Exercise requirements -
Only the lines from the one containing "5. 沿蓝轨道运行,于200" through the one containing "İmge Aktar kalitesiyle" should be printed, exactly as they appear below, with both ends included.

Records shown -
= = = =

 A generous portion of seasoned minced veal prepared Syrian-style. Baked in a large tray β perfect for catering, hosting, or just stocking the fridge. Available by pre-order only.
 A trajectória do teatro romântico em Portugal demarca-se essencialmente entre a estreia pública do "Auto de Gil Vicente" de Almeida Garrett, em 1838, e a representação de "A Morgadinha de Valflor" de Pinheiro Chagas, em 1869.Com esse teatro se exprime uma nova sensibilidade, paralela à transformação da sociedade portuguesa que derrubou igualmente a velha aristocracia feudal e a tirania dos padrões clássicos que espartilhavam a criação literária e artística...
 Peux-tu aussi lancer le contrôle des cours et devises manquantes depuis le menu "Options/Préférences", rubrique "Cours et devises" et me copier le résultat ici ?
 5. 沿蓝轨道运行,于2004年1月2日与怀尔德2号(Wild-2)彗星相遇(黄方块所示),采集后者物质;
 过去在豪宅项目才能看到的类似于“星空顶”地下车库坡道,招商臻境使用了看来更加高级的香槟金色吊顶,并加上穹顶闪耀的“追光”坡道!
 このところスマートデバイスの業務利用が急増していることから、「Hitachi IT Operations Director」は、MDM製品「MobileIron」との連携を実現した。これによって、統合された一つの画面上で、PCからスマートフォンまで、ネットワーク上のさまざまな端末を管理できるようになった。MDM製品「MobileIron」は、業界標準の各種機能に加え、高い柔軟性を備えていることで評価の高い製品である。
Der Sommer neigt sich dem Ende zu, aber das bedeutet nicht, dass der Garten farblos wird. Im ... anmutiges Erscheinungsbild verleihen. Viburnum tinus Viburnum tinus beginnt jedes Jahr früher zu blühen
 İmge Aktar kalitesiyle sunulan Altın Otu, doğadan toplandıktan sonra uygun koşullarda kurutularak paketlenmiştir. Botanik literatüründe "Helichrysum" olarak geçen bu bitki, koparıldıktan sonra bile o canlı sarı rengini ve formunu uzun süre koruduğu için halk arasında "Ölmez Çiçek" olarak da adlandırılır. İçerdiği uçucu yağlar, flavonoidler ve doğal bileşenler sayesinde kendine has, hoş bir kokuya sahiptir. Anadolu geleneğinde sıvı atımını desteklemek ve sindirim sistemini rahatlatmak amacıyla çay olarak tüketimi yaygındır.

= = = =

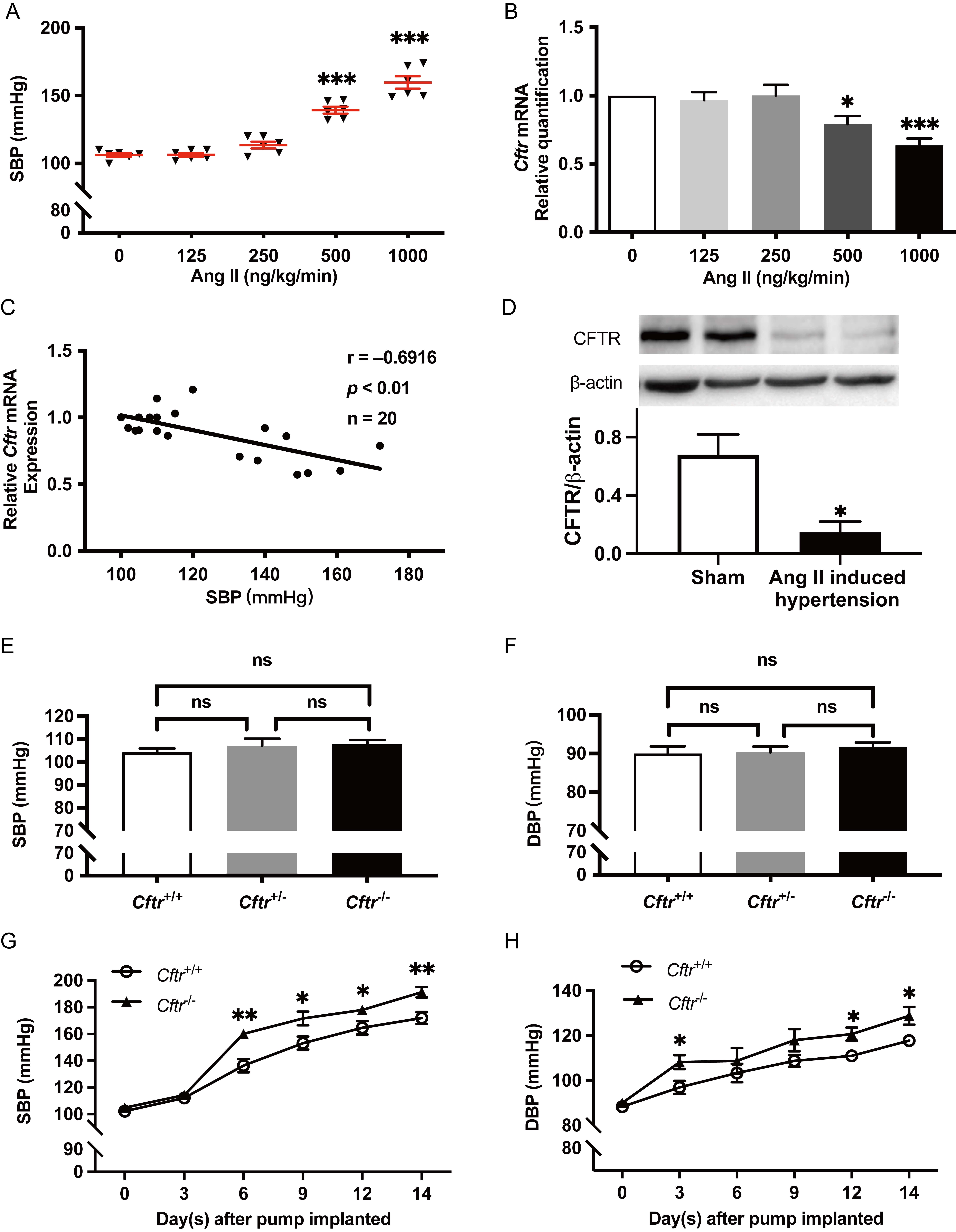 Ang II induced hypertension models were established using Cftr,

= = = =

Expected answer -
 5. 沿蓝轨道运行,于2004年1月2日与怀尔德2号(Wild-2)彗星相遇(黄方块所示),采集后者物质;
 过去在豪宅项目才能看到的类似于“星空顶”地下车库坡道,招商臻境使用了看来更加高级的香槟金色吊顶,并加上穹顶闪耀的“追光”坡道!
 このところスマートデバイスの業務利用が急増していることから、「Hitachi IT Operations Director」は、MDM製品「MobileIron」との連携を実現した。これによって、統合された一つの画面上で、PCからスマートフォンまで、ネットワーク上のさまざまな端末を管理できるようになった。MDM製品「MobileIron」は、業界標準の各種機能に加え、高い柔軟性を備えていることで評価の高い製品である。
Der Sommer neigt sich dem Ende zu, aber das bedeutet nicht, dass der Garten farblos wird. Im ... anmutiges Erscheinungsbild verleihen. Viburnum tinus Viburnum tinus beginnt jedes Jahr früher zu blühen
 İmge Aktar kalitesiyle sunulan Altın Otu, doğadan toplandıktan sonra uygun koşullarda kurutularak paketlenmiştir. Botanik literatüründe "Helichrysum" olarak geçen bu bitki, koparıldıktan sonra bile o canlı sarı rengini ve formunu uzun süre koruduğu için halk arasında "Ölmez Çiçek" olarak da adlandırılır. İçerdiği uçucu yağlar, flavonoidler ve doğal bileşenler sayesinde kendine has, hoş bir kokuya sahiptir. Anadolu geleneğinde sıvı atımını desteklemek ve sindirim sistemini rahatlatmak amacıyla çay olarak tüketimi yaygındır.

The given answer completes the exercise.